Black Texas State Rep Claimed Conviction was ‘Modern Day Lynching,’ Starts GoFundMe Account

HOUSTON, Texas – A black Texas state representative who said his conviction for ambulance chasing by a Montgomery County, Texas, jury was a “modern day lynching” has started a GoFundMe.com account. He states that the funds will be used “to raise the money to clear my name and continue being a Public Servant!”

The www.gofundme.com/repronreynolds account has raised $1095 as of the time of publication. The stated goal is $35,000. Only eight people have contributed as of Thursday afternoon.

Rep. Ron Reynolds, a Missouri City, Texas, lawmaker was sentenced by a Montgomery County jury in Conroe to five counts of Class A misdemeanor barratry.

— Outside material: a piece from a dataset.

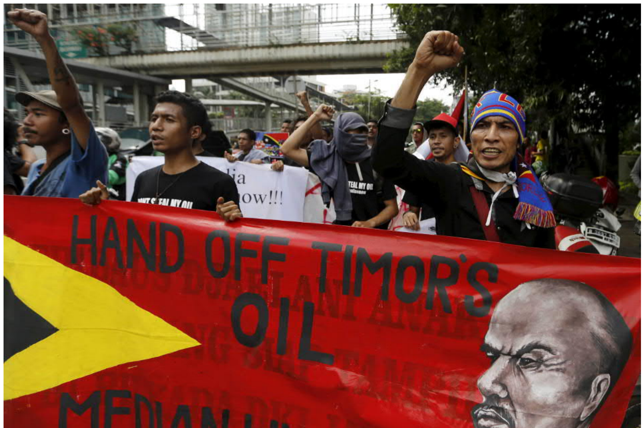
Timorese students shout slogans during a protest in front of the Australian embassy in Jakarta, Indonesia, March 24, 2016.

“We don’t know what kind of agreement has been reached on boundaries, but my guess is that Australia may have compromised on the median line but not on the eastern lateral,” Strating said.

Reynolds was sentenced to one year in jail for each count, to run concurrently. He was also fined $4,000 for each count. Reynolds has filed a notice of appeal in an attempt to overturn the conviction and is out on bond during his appeal.

The Missouri City lawmaker is not required to resign his Texas House seat and says he is still running for a fourth term.

Reynold’s gofundme page states, “I was wrongfully charged and convicted of misdemeanor Barrarty (the unlawful soliciation of accident clients within 31 days of the accident) by a Montgomery County District Attorney’s office that has a history of racial disparties toward African Americans. Remember the Clarence Brandley case and the movie ‘Whitewash.’” [misspellings in original]

Reynolds describes himself on his page, “I am a proud Christian, husband and father of 3 wonderful children. I serve as State Representative for House District 27 (located in Fort Bend County). I’m currently the Texas House Democractic Whip.”

As reported by Breitbart Texas and ABC13 in Houston after the jury’s verdict and sentence, Texas State Representative, Ron Reynold (D-Missouri City) said Conroe “prosecutors attacked his character because he is an African American democrat.”

“And these are some strong words, I believe that this was a modern day lynching,” Reynolds said at the time. “I believe that this was so severe in the way that they went after me. They wanted nothing more than to paint me as a bad, bad black politician.”

Breitbart Texas reported in September of 2014 that the embattled Texas state representative had made Texas Monthly magazine’s list of Worst Representatives of 2013. At that time, he had been arrested on 10 counts of barratry (“ambulance chasing”) in Montgomery County. He faced similar charges in 2012 in Harris County.

Reynolds’ barratry activities were discovered in Montgomery County after a confidential informant notified authorities of the kickback scheme involving the perusal of accident reports and calls to potential clients. Reynolds paid a runner to try to get accident victims to contract with Reynolds for legal services.

Texas Lawyer magazine reported that it took the jury only one hour and fifteen minutes to find Reynolds guilty. It also took them only an hour to sentence him “to the max,” a prosecutor reportedly said.

Reynolds was also charged with barratry in Harris County in 2012 but the case was dismissed after one of the case investigators was accused of tampering with evidence in an unrelated case.

In February of 2014, the Commission for Lawyer Discipline brought suit against Reynolds in Harris County for his part in the ambulance chasing scheme. Law360 reported that the State Bar of Texas sued Reynolds over his part in a “criminal client solicitation scheme that involved paying kickbacks to a chiropractor who referred customers to Reynold’s personal injury law firm.”

The State Bar Commission alleged that Robert Valdez, Sr., a convicted felon, would solicit personal injury clients for Reynolds. Reynolds allegedly provided Valdez with forms so he could sign-up legal clients for him.

Reynolds was also fined $10,000 in 2011 by the Texas Ethics Commission for failing to file campaign finance disclosures in 2008 and 2009. The Texas Attorney General sued to collect on the fine.

Reynolds has filed a notice of appeal in an attempt to overturn the conviction. He is out on bond during his appeal.

The Missouri City lawmaker is not required to resign his Texas House seat. Reynolds says he is still running for a fourth term.

Reynold says on his gofundme page, “I fight for progressive values such as, minimum wage increase, equal pay for equal work, affordable healthcare, high quality public education and criminal justice reforms.”